[EXERCISE OBJECTIVE]: Only one stretch of lines is wanted: the line with "Мы вырезаем эмблемы" through the final line of the material. Restate it word for word, minus pictures.

[RECORDED DATA]:
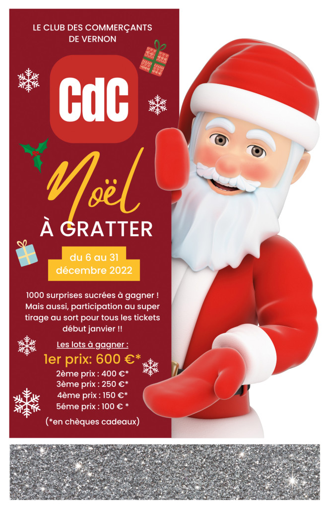 Après les vélos-taxis mis gratuitement à la disposition des Vernonnais tous les weekends de décembre 2022, le marché de Noël de Vernon, voici les tickets à gratter du Club des Commerçants de Vernon ! Du 6 au 31 décembre 2022, 1 000 surprises sucrées sont à gagner avec des tickets à gratter ! Et, dans tous les cas, participation au tirage au sort qui aura lieu début janvier, pour tenter de gagner des chèques cadeaux utilisables dans vos commerces vernonnais participants ! Les lots à gagner :
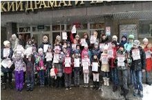 Мы вырезаем эмблемы акции, чтобы прикрепить к одежде. Сделали несколько фотографий около школы. В понедельник, 26 марта вышли на улицу для встречи и беседы на татарском языке. Было интересно!
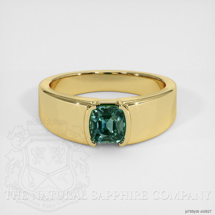 Men's Bluish Green Sapphire Ring 1.35 Ct., 18K Yellow Gold
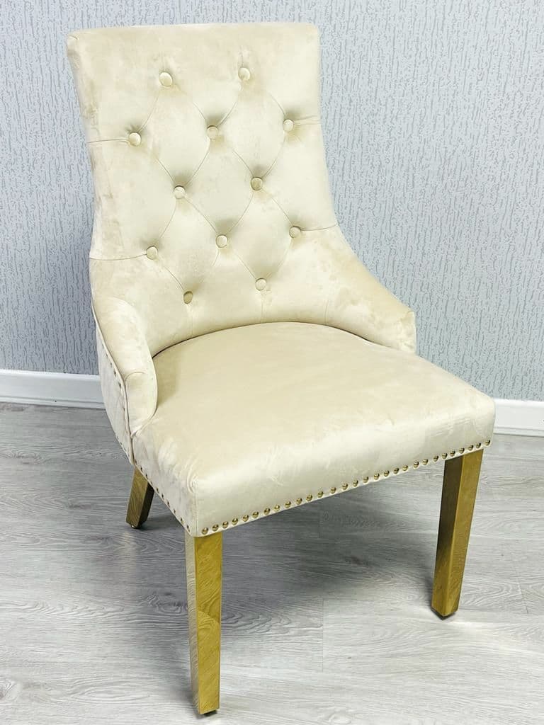 Add a flare of glamour to any living space or dining area with these luxurious Majestic Dining Chairs, embodying a comfortable rich velvet fabric, with a majestic ring knocker back and detailed stud outlining to add an extra touch of class, with prominent gold legs and a curved back architecture, making this product fashionable and functional. This product comes in a range of different colours available online.

[ANSWER SPACE]:
 Мы вырезаем эмблемы акции, чтобы прикрепить к одежде. Сделали несколько фотографий около школы. В понедельник, 26 марта вышли на улицу для встречи и беседы на татарском языке. Было интересно!
 Men's Bluish Green Sapphire Ring 1.35 Ct., 18K Yellow Gold
 Add a flare of glamour to any living space or dining area with these luxurious Majestic Dining Chairs, embodying a comfortable rich velvet fabric, with a majestic ring knocker back and detailed stud outlining to add an extra touch of class, with prominent gold legs and a curved back architecture, making this product fashionable and functional. This product comes in a range of different colours available online.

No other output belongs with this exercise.